Sent from my GT-I9500 using Tapatalk


----------



## Papa_Lazarou (6/4/16)

@Nightwalker - time well spent, IMO.

I'll prep wire for building (tiger wire, Mundy's Magic, various combos of twisted), but not actual coils. I have a pretty wide range of atties that they could be deployed in, so I reserve the winding until I know the specific platform I need to build it for. Could be for single coil in a 14mm atty, might be for duals in a 24mm, individual coil resistances could be anywhere in the range of .3 - 1.0 ohm.
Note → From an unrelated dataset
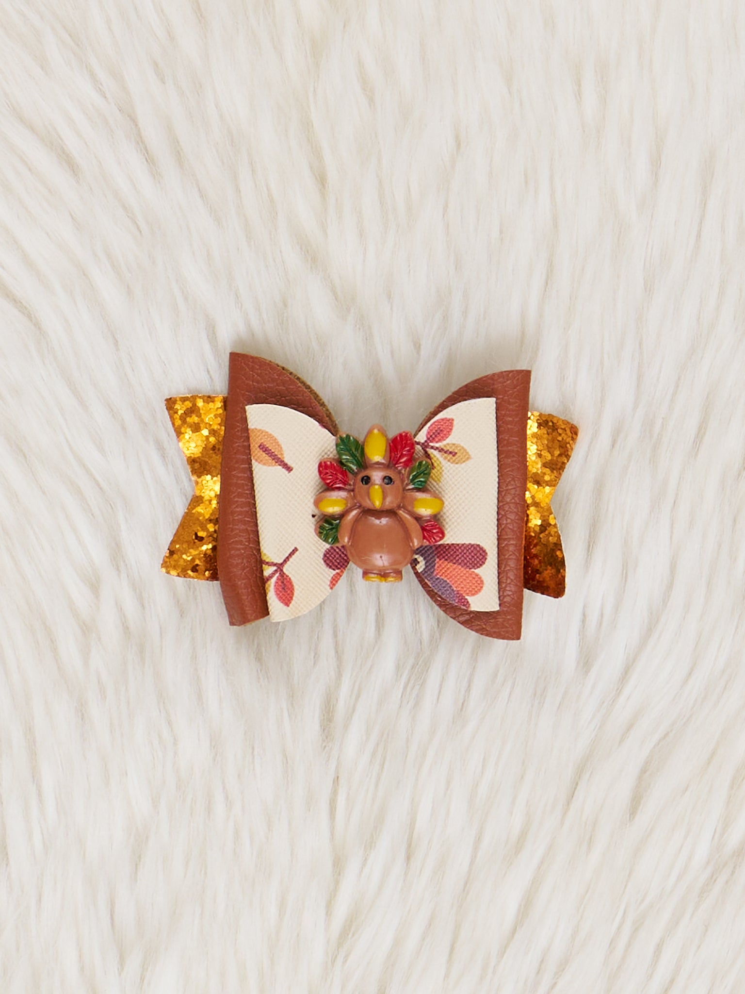 This luxurious bow is the perfect way to strut your style and strut your stuff in style! Crafted with brown and tan leather and a turkey charm, this Brown Leather & Gold Sparkle Turkey Bow is sure to get your feathers flying.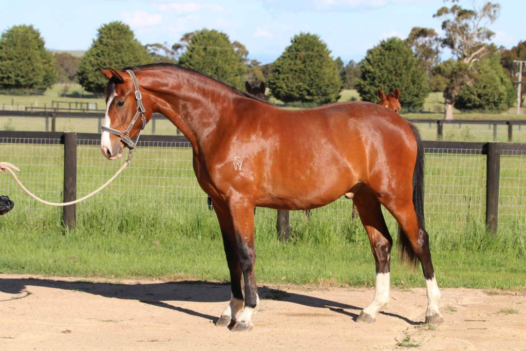 From our outstanding temperament produce Finess (IMP) (Argentinus x Sandro Hit), Santiago is an exceptional bright bay colt. He has 3 excellent paces, long elegant lines, an exceptional temperament consistent with this mare’s other offspring, and is blessed with lots of white.

Looks as though you've locked an loaded on both your atty/tank and build parameters, so making spares to last months while you have the time seems pretty cool.

Reactions: Like 2


----------



## Nightwalker (6/4/16)

Papa_Lazarou said:


> @Nightwalker - time well spent, IMO.
> 
> I'll prep wire for building (tiger wire, Mundy's Magic, various combos of twisted), but not actual coils. I have a pretty wide range of atties that they could be deployed in, so I reserve the winding until I know the specific platform I need to build it for. Could be for single coil in a 14mm atty, might be for duals in a 24mm, individual coil resistances could be anywhere in the range of .3 - 1.0 ohm.
> 
> Looks as though you've locked an loaded on both your atty/tank and build parameters, so making spares to last months while you have the time seems pretty cool.


Yip. Those are solely for my Griffins.
My other tanks and drippers I'll build when I want them.

Reactions: Like 1


----------



## sneakydino (7/4/16)

Nightwalker said:


> Yip. Those are solely for my Griffins.
> My other tanks and drippers I'll build when I want them.



How's the flavour with those coils on the Griffin ?


----------